Parece increíble que a estas alturas grupos religiosos -una facción de uno de ellos, en realidad- agredan a otros por sus creencias. El episodio de las protestas, agresiones físicas y destrucción de imágenes en las afueras de un templo católico en Guayaquil nos retrotrae a las peores épocas de un oscurantismo religioso hace rato superado en el Ecuador. El Estado ecuatoriano es laico desde tiempos de Eloy Alfaro y, más allá de la separación de la Iglesia y el Estado, que funcionó en el siglo XIX, la Constitución garantiza la libertad de creencias de las personas, así como la profesión de fe a libre voluntad.

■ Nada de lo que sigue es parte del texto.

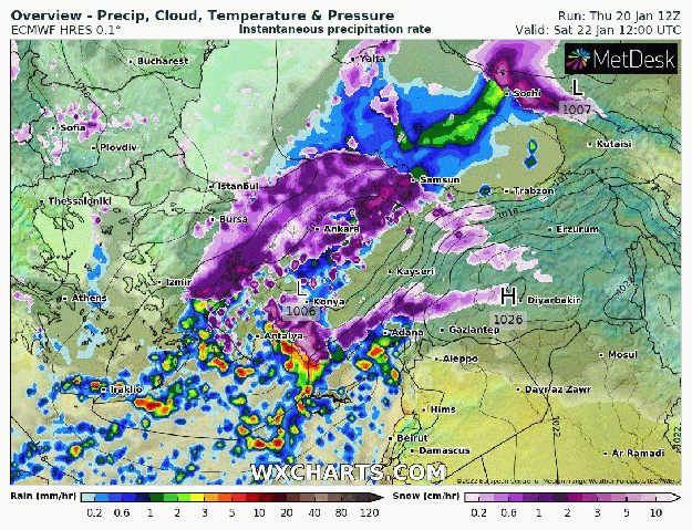 Yine bu esnada (Pazartesi) Ege Denizi üzerinde oluşacak ikincil bir alçak basınç merkezi, Marmara’da -henüz belirsiz olan bir yerlere- sistemin en güçlü kar yağışlarını bırakırken, güneydoğuya doğru kıvrılarak Ege ve Akdeniz kıyı şeridi boyunca da karla karışık yağmur ve kar yağışları oluşturabilecek!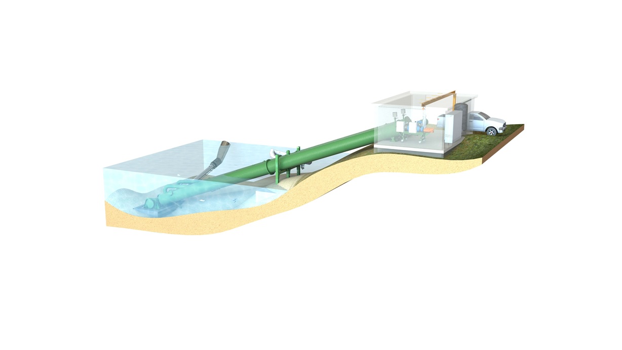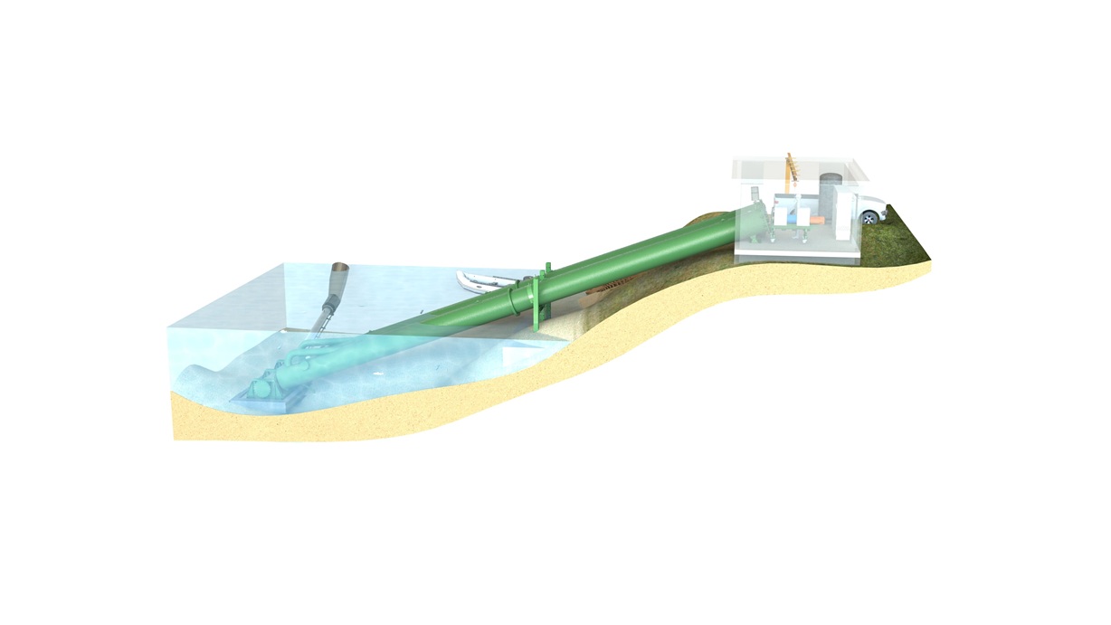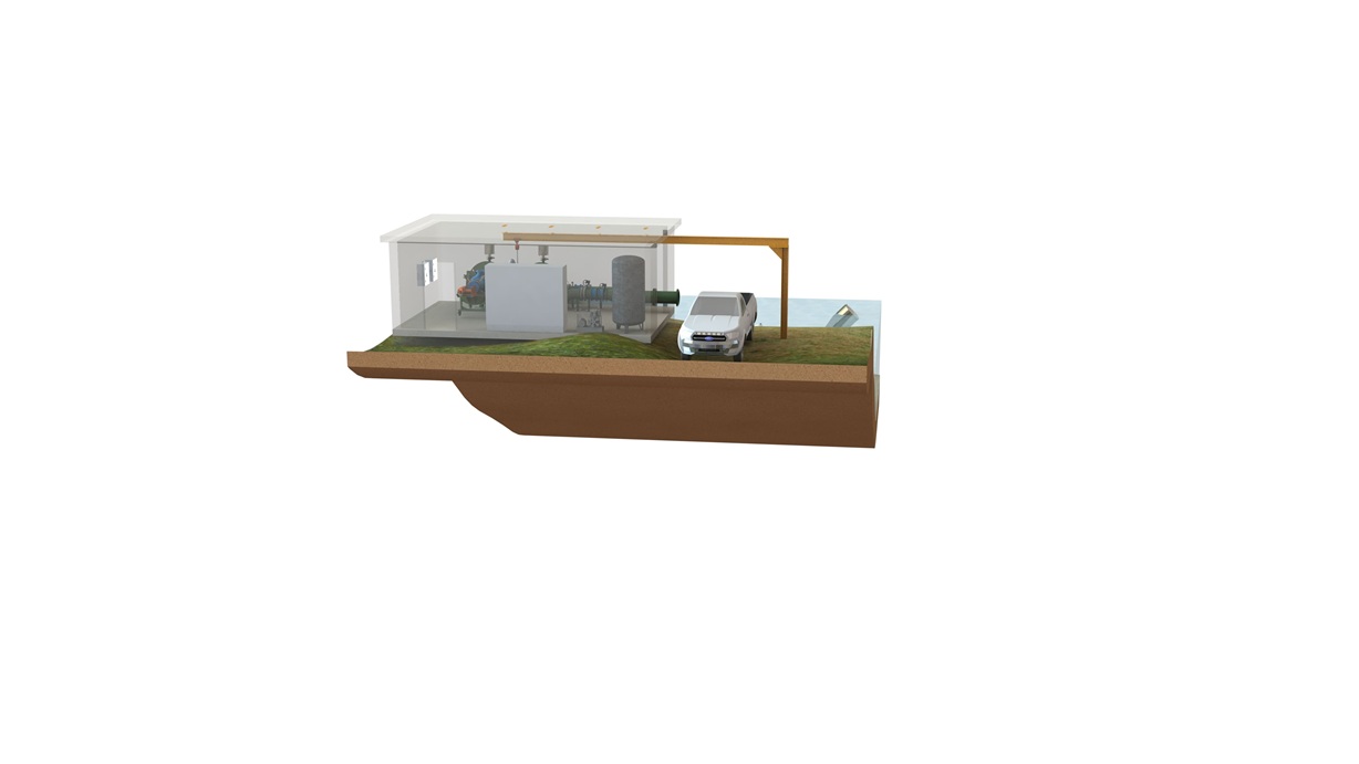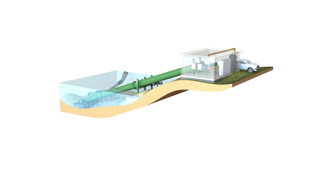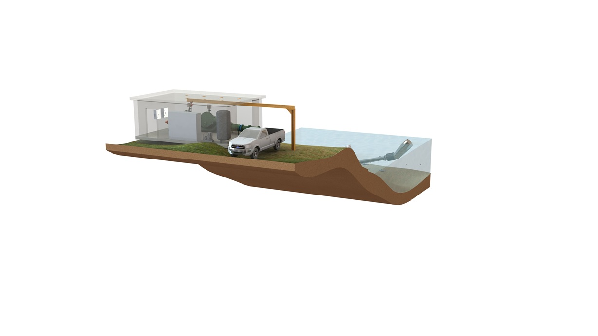 > Cette solution, constituée de structures tubulaires, permet d'installer les groupes électropompes en dessous du niveau des plus basses eaux.

El Ecuador es un país mayoritariamente católico y en nuestro territorio conviven seguidores de otras corrientes del cristianismo y, además, fieles de otros cultos. Todos ellos merecen un espacio de expresión para divulgar su fe y profesar sus creencias. El episodio aislado pero violento de la semana pasada solo muestra una pequeñísima manifestación inaceptable de intolerancia que raya en la ilegalidad. Romper santos y atacar a los católicos que entraban a la iglesia es un absurdo.
Está claro, no todas las facciones ni sectas cristianas comparten estas reacciones.
Muestra de apertura ha dado el papa Francisco al reunirse con líderes de iglesias evangélicas y hasta escribir un libro -cuando era arzobispo- con un rabino judío. Es un ejemplo que vale la pena seguir.